** Assignment **
Reproduce each line of the material exactly, minus any picture.

** Provided data **
|---|

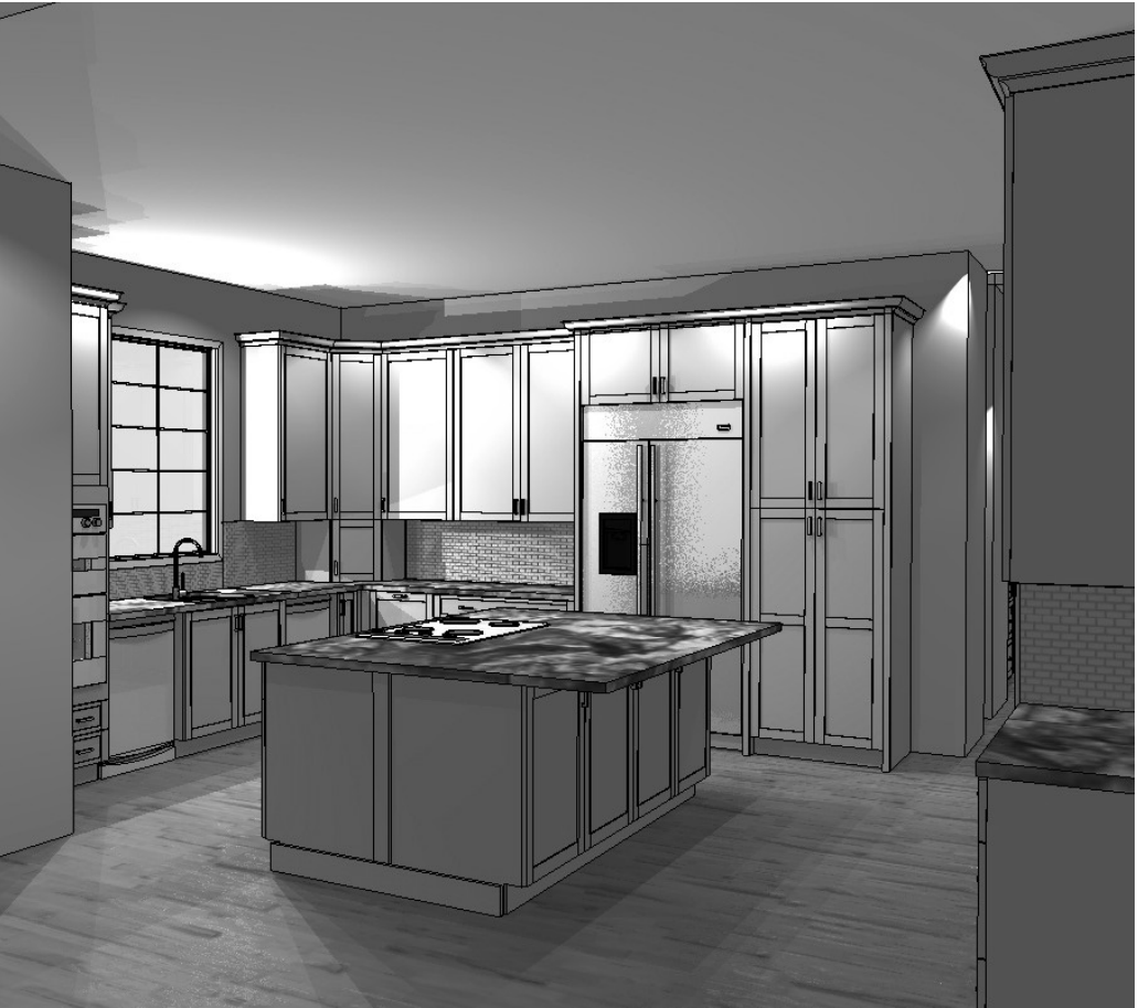 render a modern kitchen with a sleek sophisticated atmosphere use a color palette of soft whites and grays for the cabinets and walls to create a clean and airy feel apply a polished marble texture for the countertops in a subtle blend of dark gray and white veining the floor should have a rich wood texture in a warm medium brown tone adding warmth and contrast include stainless steel appliances for a contemporary touch illuminate with gentle warm lighting to enhance the inviting atmosphere
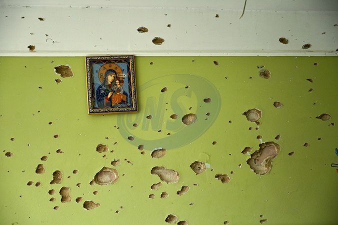 LVIV, UKRAINE - DECEMBER 29, 2023 - An icon on the wall of the lyceum damaged by a Russian missile attack, Lviv, western Ukraine, Credit:Anastasiia Smoliyenko / Avalon
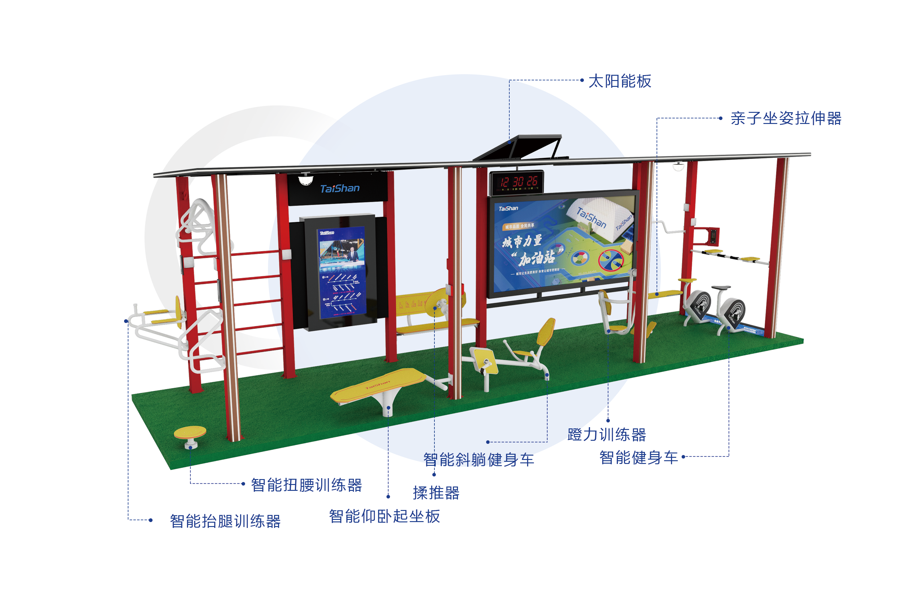 综合健身公交站是由pg电子体育完全自主研发设计,适用于城市公交候车区域的“城市力量加油站”。综合健身公交站配备多种健身项目,能够根据城市需要设计不同健身项目与功能的移动室外健身驿站。依托物联网+互联网和5G技术,能够充分发挥城市运动新型体育服务综合职能,为运动人群提供更多科学健身指导,为城市居民打造更健康的生活方式。公交候车亭在城市的广泛使用,为乘客在侯车时提供躲避日晒雨淋的短暂场所,随着城市的发展以及科技的进步候车环境大为改观,综合健身公交站已经成为城市一道靓丽的风景,多功能化、智能化候车亭将缓解候车时的焦虑情绪,改善人们出行的愉悦心情更是提高社会和谐的有效手段。

|---|

** Result of the exercise **
 render a modern kitchen with a sleek sophisticated atmosphere use a color palette of soft whites and grays for the cabinets and walls to create a clean and airy feel apply a polished marble texture for the countertops in a subtle blend of dark gray and white veining the floor should have a rich wood texture in a warm medium brown tone adding warmth and contrast include stainless steel appliances for a contemporary touch illuminate with gentle warm lighting to enhance the inviting atmosphere
 LVIV, UKRAINE - DECEMBER 29, 2023 - An icon on the wall of the lyceum damaged by a Russian missile attack, Lviv, western Ukraine, Credit:Anastasiia Smoliyenko / Avalon
 综合健身公交站是由pg电子体育完全自主研发设计,适用于城市公交候车区域的“城市力量加油站”。综合健身公交站配备多种健身项目,能够根据城市需要设计不同健身项目与功能的移动室外健身驿站。依托物联网+互联网和5G技术,能够充分发挥城市运动新型体育服务综合职能,为运动人群提供更多科学健身指导,为城市居民打造更健康的生活方式。公交候车亭在城市的广泛使用,为乘客在侯车时提供躲避日晒雨淋的短暂场所,随着城市的发展以及科技的进步候车环境大为改观,综合健身公交站已经成为城市一道靓丽的风景,多功能化、智能化候车亭将缓解候车时的焦虑情绪,改善人们出行的愉悦心情更是提高社会和谐的有效手段。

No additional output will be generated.